A pseudoviral human rhinovirus reference material and RT-dPCR method were developed to enable traceable RNA quantification in SI units, exhibiting stability for 12 months at -80 °C.
The development of a pseudoviral HRV reference material and traceable quantification method enhances the accuracy and comparability of HRV detection across laboratories.
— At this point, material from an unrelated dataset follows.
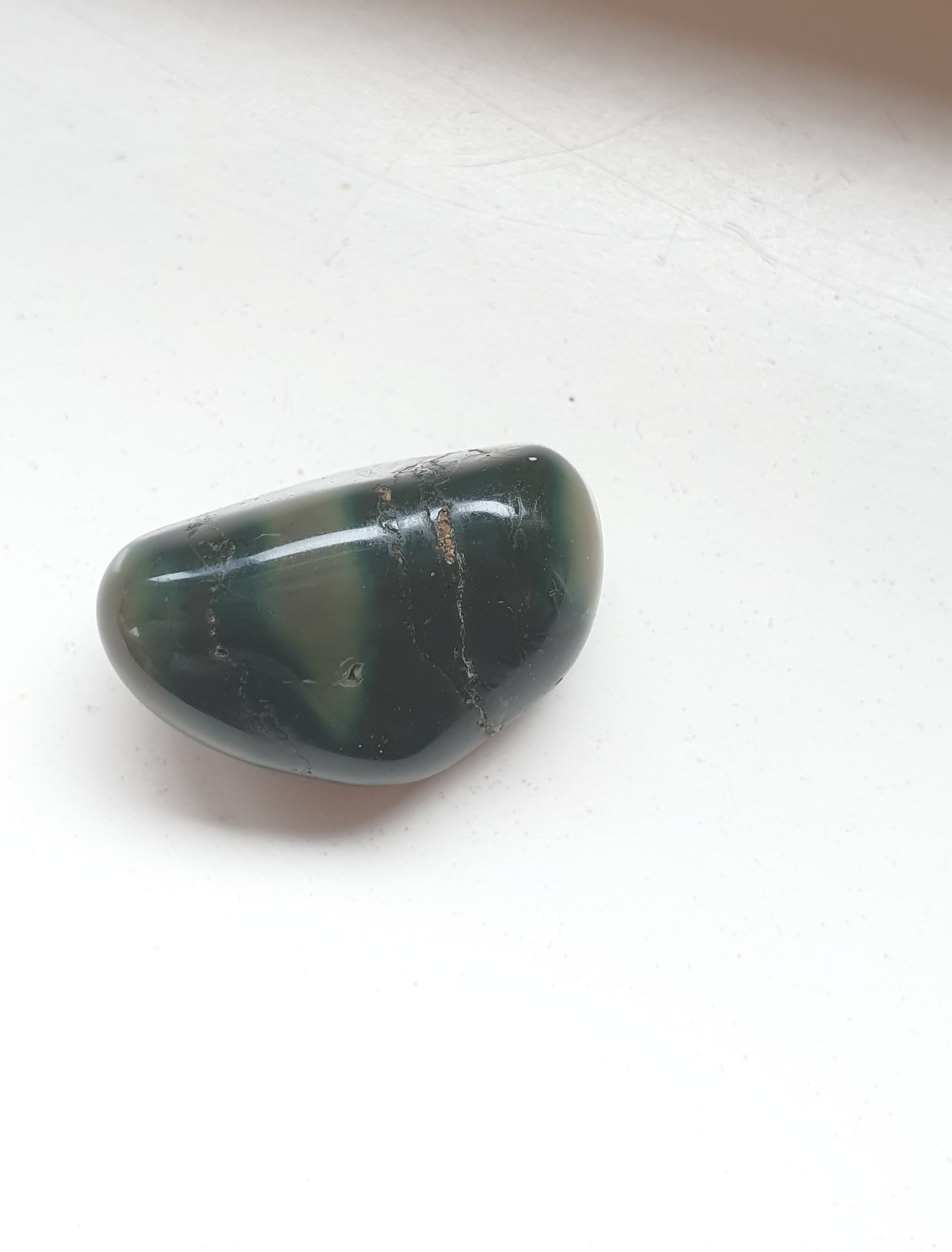 Ich habe hier einen dunkelgrünen Stein, der mit hellgrün Flecken versehen ist. Über Hilfe freue ich mich wie immer sehr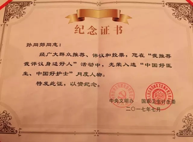 2017年8月31日,全国道德模范与身边好人“中国好医生、中国好护士”(浙江专场)现场交流活动在浙江省人民大会堂举行。首批“中国好医生、中国好护士”月度人物上榜名单正式公布。西南医科大学附属中医医院教授孙同郊入选“中国好医生、中国好护士”7月月度人物。 他们是千千万万好医生、好护士的代表,为他们点赞!向所有医护人员致敬!

OBJECTIVES: This study developed a pseudoviral human rhinovirus (HRV) reference material using pseudovirus technology and integrating RT-dPCR with HPLC-IDMS to achieve accurate HRV RNA quantification, aiming to standardize HRV detection across labs and platforms. METHODS: gene. RESULTS: copies/μL (k=2). The RM exhibited sufficient homogeneity and stability for 12 months at -80 °C, and its non-infectious nature coupled with its ability to simulate the entire workflow including nucleic acid extraction offers significant advantages. CONCLUSIONS: This study provided essential tools for standardizing HRV detection across different laboratories and platforms. This work enables traceable RNA quantification in SI units and simulates the full analytical process, thereby enhancing the accuracy and comparability of results. Furthermore, this approach serves as a transferable model for developing reference materials and traceable quantification methods for other respiratory pathogens, contributing to advancements in molecular diagnostics and public health.
Li et al. (Wed,) conducted a other in Human rhinovirus (HRV) detection. Pseudoviral HRV reference material and RT-dPCR with HPLC-IDMS was evaluated on HRV RNA quantification accuracy and stability. A pseudoviral human rhinovirus reference material and RT-dPCR method were developed to enable traceable RNA quantification in SI units, exhibiting stability for 12 months at -80 °C.